§ **Task description**
Give back, word for word, the lines in the listing below from the one holding "100万円現物デイトレ 11月17日 20,440円" down to the one holding "右键点击选中要编纂的幻灯片文本框,在弹出菜单中选择设置外形格局的菜单项。", both ends included.

§ **Information supplied**
==*==

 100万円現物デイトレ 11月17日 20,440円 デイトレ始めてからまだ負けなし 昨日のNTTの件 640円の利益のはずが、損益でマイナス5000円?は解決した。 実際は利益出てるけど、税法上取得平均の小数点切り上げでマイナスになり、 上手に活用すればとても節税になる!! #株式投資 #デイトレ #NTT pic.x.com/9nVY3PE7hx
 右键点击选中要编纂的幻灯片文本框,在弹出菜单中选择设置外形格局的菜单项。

==*==

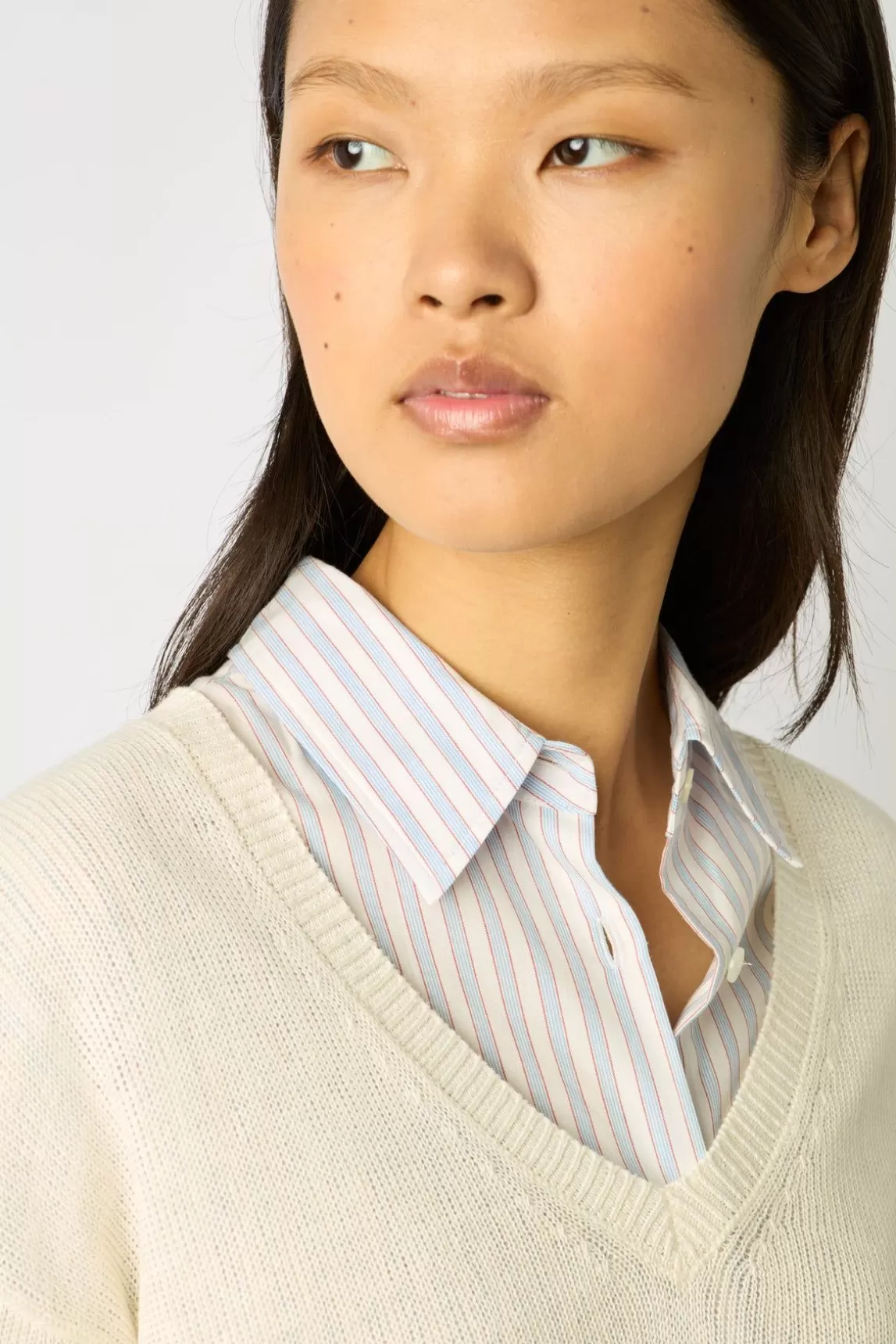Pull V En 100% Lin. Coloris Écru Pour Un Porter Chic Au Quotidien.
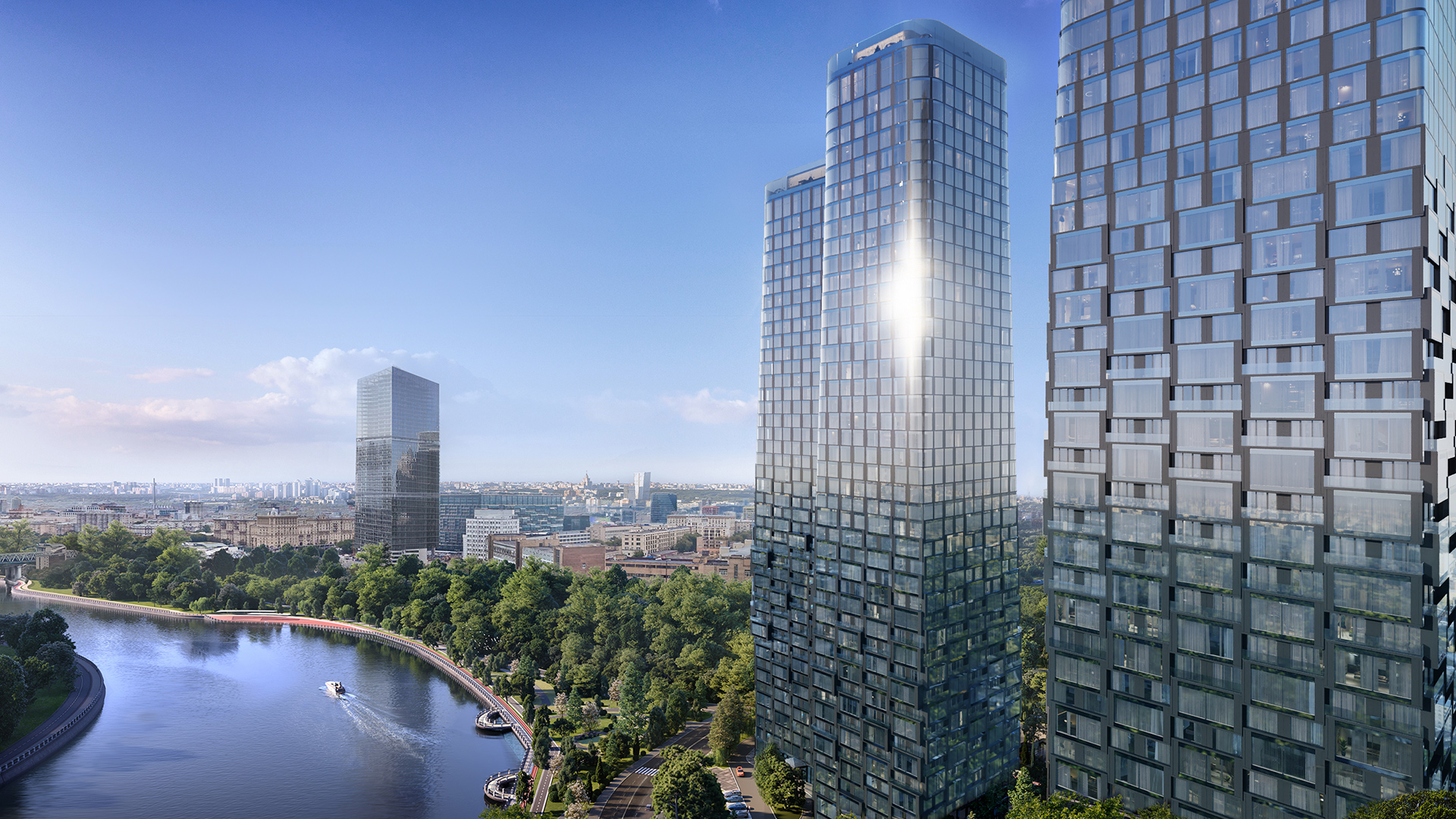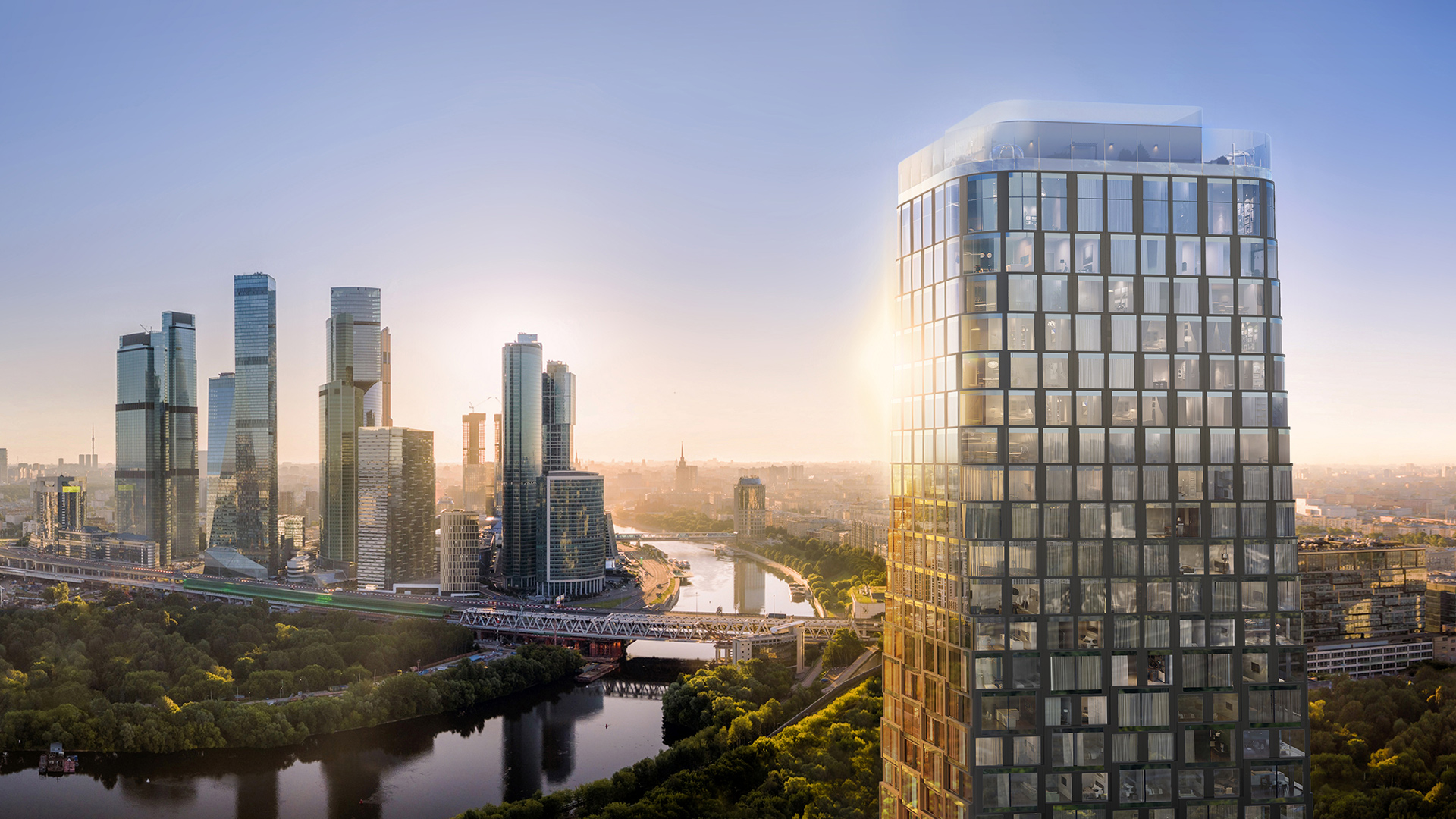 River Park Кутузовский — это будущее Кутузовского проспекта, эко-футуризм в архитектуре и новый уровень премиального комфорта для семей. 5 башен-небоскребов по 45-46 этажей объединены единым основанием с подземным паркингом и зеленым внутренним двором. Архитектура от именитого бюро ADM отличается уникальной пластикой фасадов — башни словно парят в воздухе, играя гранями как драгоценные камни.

==*==

§ **Result for this exercise**
 100万円現物デイトレ 11月17日 20,440円 デイトレ始めてからまだ負けなし 昨日のNTTの件 640円の利益のはずが、損益でマイナス5000円?は解決した。 実際は利益出てるけど、税法上取得平均の小数点切り上げでマイナスになり、 上手に活用すればとても節税になる!! #株式投資 #デイトレ #NTT pic.x.com/9nVY3PE7hx
 右键点击选中要编纂的幻灯片文本框,在弹出菜单中选择设置外形格局的菜单项。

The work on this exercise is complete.